SAO PAULO (Reuters) - Low-cost carrier JetSMART is fast-tracking its expansion plans to Peru and potentially Colombia and Brazil, its chief executive told Reuters, even as airlines, in Latin American in particular, are scaling down their fleets and ambitions.

Chile-based JetSMART is in the enviable position of having well-funded private equity backers such as Indigo Partners, which also owns stakes in Denver-based Frontier Airlines and Hungarian carrier Wizz Air , during the pandemic.

In expanding to other South American domestic markets, JetSMART will directly challenge the region's leaders, LATAM Airlines Group (NYSE: LTM) and Avianca Holdings , both of which filed for bankruptcy restructuring in May due to the crisis.

JetSMART CEO Estuardo Ortiz said the pandemic has given the upstart airline an incentive to accelerate aspects of its expansion to deploy its narrowbody Airbus planes to markets with more demand.

"We had already thought about flying domestically in Peru, originally maybe in 2022, but we brought that plan forward," Ortiz said. "We are now working to begin operating JetSmart Peru at the beginning of 2021, because clearly we need to bring planes to where there is demand."

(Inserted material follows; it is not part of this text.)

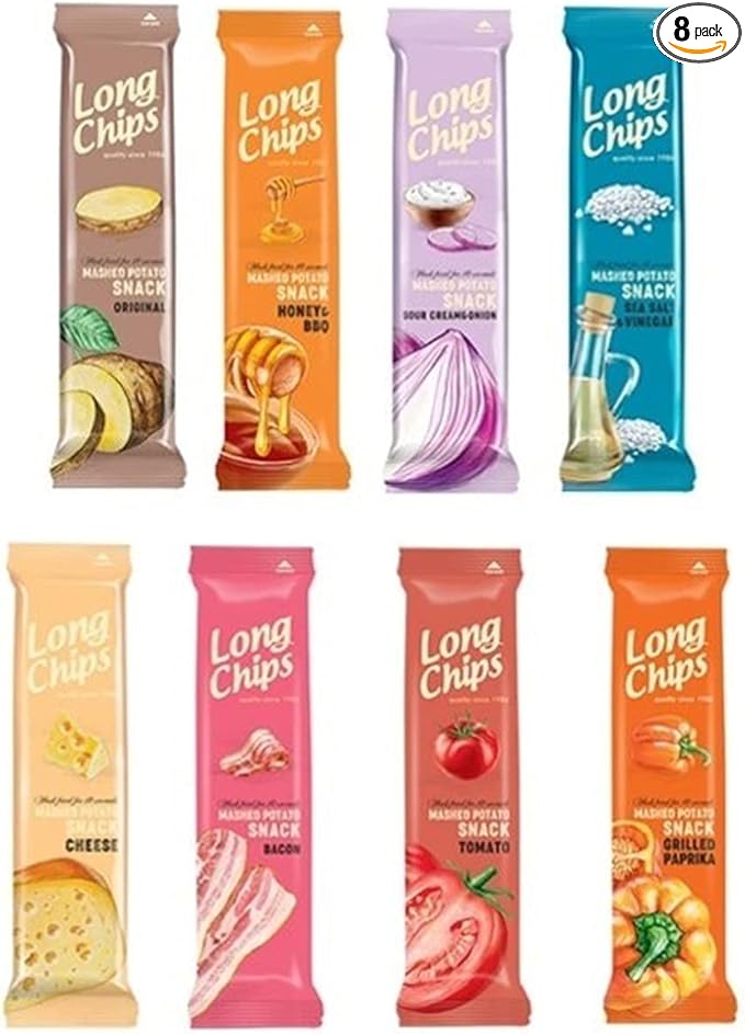 ラトビア発のロングサイズポテトチップス8種セット。マッシュポテトを薄く成型したユニークな形状で、パリパリ食感が楽しめます。シーソルト&ビネガーやハニーバーベキューなど、多彩な味が揃っており、大人から子どもまで幅広く好まれるラインナップです。軽量で持ち運びやすく、手が汚れにくいのも魅力です。

JetSMART, which has a fleet of 17 jets, had planned to fly 100 planes by 2026, but it may have to push back that goal by about two years, Ortiz said.

Avianca pulled out of Peru in May, leaving its coveted Lima-Cuzco slots up for grabs. It also fired almost 1,000 employees including pilots.

Like most industry executives, Ortiz believes domestic flights will bounce back faster than international travel. In Latin America, that means flying domestically in more countries.

"If the recovery is very slow for international travel, that means we have to accelerate our plans for new domestic operations," Ortiz said. "We have watched Colombia and Brazil closely for some time."

Reuters first reported in June that JetSMART had presented the Brazilian government with a plan for domestic flights.

Indigo Partners has been making bullish bets despite the coronavirus crisis. It tried unsuccessfully to buy Virgin Australia out of bankruptcy and has maintained firm orders with Airbus (NYSE: AIR) to buy more than 400 planes for its carriers.

"At the beginning of next year, we will evaluate trends and decide if we enter another country," Ortiz said.